As we are now officially in Leaving Certificate week, it is quite a surprise not to have had my usual exam nightmare. The annual dream goes something along the lines of me sitting, sweating like a stuck pig in front of a rickety, graffiti-covered table the size of a serviette.
Deep down inside I know I am going to have to spend the next three hours sitting in front of a Leaving Certificate Applied Physics exam paper, and I also know I have never studied Applied Physics in my life. The smell of the gym hall is all around, and everybody, absolutely everybody, thinks I know what I'm doing. But I don't. I don't at all.
One thing is certain - almost everybody will know exactly what I mean because almost everybody has at some stage had an "Oh-my-God-I'm-sitting-my-Leaving-Certificate-again" nightmare. The details vary somewhat - sitting Leaving Certificate naked/in wrong place/in wrong language/in wrong person's body are my own favourite examples - but the dream is essentially the same.
Indeed, one colleague said recently that her dream has matured with her, and that she has now started dreaming she is her present age sitting an exam. The terrible catch here is that she knows she is too old to be sitting the Leaving Cert., and unless she passes it this time, she'll have to tell her parents she can't graduate. And you've guessed it - it's Applied Physics again.
Although the thought of having Leaving Certificate dreams long after I have checked into Dun Roamin' Home for the Bewildered is a little disheartening, I found this example of the omniscience and longevity of the Leaving Cert. dream rather reassuring. Indeed, the whole reason I bring the bothersome exam-dream issue up is entirely altruistic.
First, the fact that we all have these dreams in some shape or form suggests we're all equally inadequate, or think we are. My mother always points out when I`m going for a job interview or the like that everybody has to go to the toilet - which, while rather icky, often stops complete panic.
The notion that everybody from company directors to rocket scientists probably suffers from the Leaving-Cert. dream, particularly at this time of the year, should probably be a similarly reassuring little statistic to trot out in times of stress.
The other reason for writing about Leaving Certificate dreams this week is of course, that for a large section of the population, it ain't no dream. While reassurances probably won't even register in the grey, desolate wasteland that is the middle of doing your Leaving Cert., I think it is worth pointing out that sitting down voluntarily to put yourself through that hell is, without doubt, the scariest thing you'll ever have to do.

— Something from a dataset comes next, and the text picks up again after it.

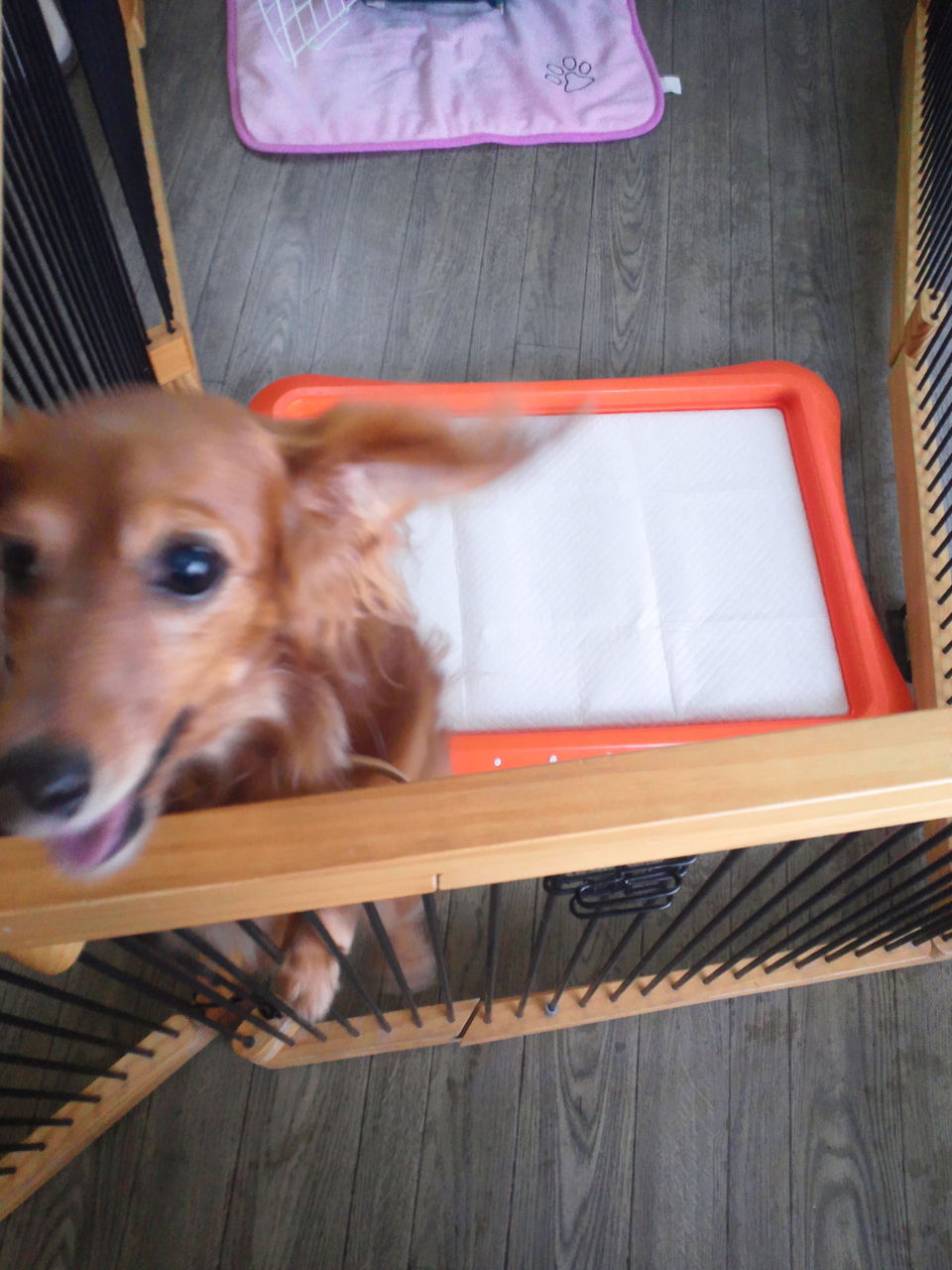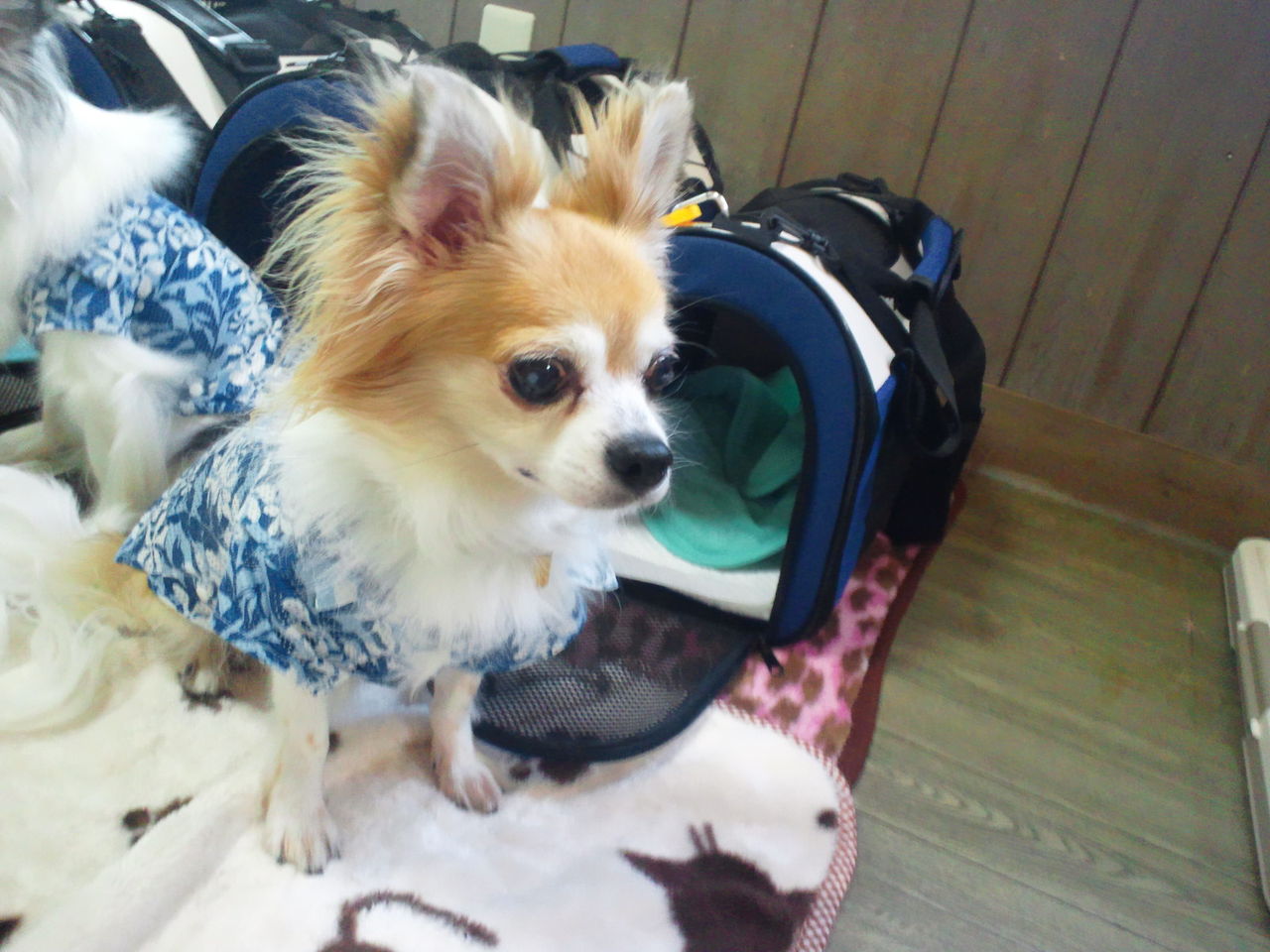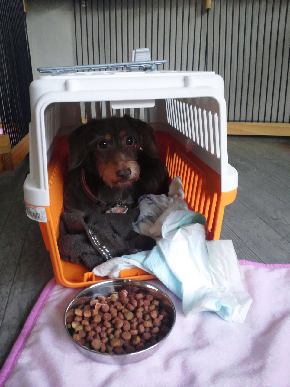 キングくん、ぽんずくんはサークルの中で周りの様子を伺っています。 ココアちゃんはクレートにいます。

Which is why we all have dreams about it for the rest of our lives. Once you've done it, everything else is chicken feed. College finals? Pah! Childbirth? A doddle. Being Bill Gates and having to pass through the eye of a needle? Easy-peasy. So get it over with and then you're home free, cruising through the rest of your life without a worry in the world.
Except for the odd time that you have the recurring Leaving Cert. exam dream, when you will be plunged back into the cold-sweat terror of the thing. But hey, isn't waking up brilliant? I've never really bought into the whole dream interpretation thing, and when people start trying to tell me what my dream about a snake, a wedding and flying really means, I tend to insist that it was most likely caused by the wedding I had flown to the previous day, wearing a D&G snakeskin dress. Which usually shuts them up. However, there are certain dreams that don't need a dictionary to be explained.
The exam one, for example, is definitely about that crushing feeling of inadequacy which was at its peak when you were sitting down to decide your future (or so you thought), knowing nothing (or so you thought). My other recurring one, which I gather is not uncommon either, is to dream I am desperately in love with someone completely unsuitable, like a teacher, or Bertie Ahern, or a colleague at work.
I am overcome with lust and angst in these dreams, which usually end badly in a tears-before-bedtime kind of way. The terrible thing is that the next time you see this person you can't meet their eye for all the dirty things you were doing last time you "met". Even worse, the feelings of desire sometimes linger on for a worrying hour or two.
I'm not entirely sure what this dream means. When one friend (male) who had a similar dream about a close friend (also male) confessed to it recently, everybody seemed to think it meant something deeply unresolved about his sexuality or about his feelings for his absent friend. "I think it means I shouldn't eat soft cheese just before bedtime," he said firmly - and he might be right. There's something to be said for the idea that having a lot of very vivid dreams shows a deep-seated anxiety about having a lot of very vivid dreams. Certainly in a lot of mine, I am very aware that I'm at it again, having a crazy dream about random people, and this causes me some anxiety. "Why are they in my dream?" I wonder. "What does it say about me?" Whereupon I wake up and realise that, like your typical Irish school essay, it had all been a dream.
In truth, there's little you can do about worrying dreams, short of wrapping yourself in a duvet, sitting in a darkened room and eating cream crackers for the rest of your life. And even then I reckon you'd still have the fear about sitting a notional Leaving Certificate Duvet Manufacture exam. But whatever you do, don't start telling people about your dreams. Because as fascinating as your nightmare of coming back as Emma Noble in a next life might be to you, to everybody else, it's of marginally less interest than Emma Noble in this life. And soon, that recurring dream where you have no friends might just come horribly true.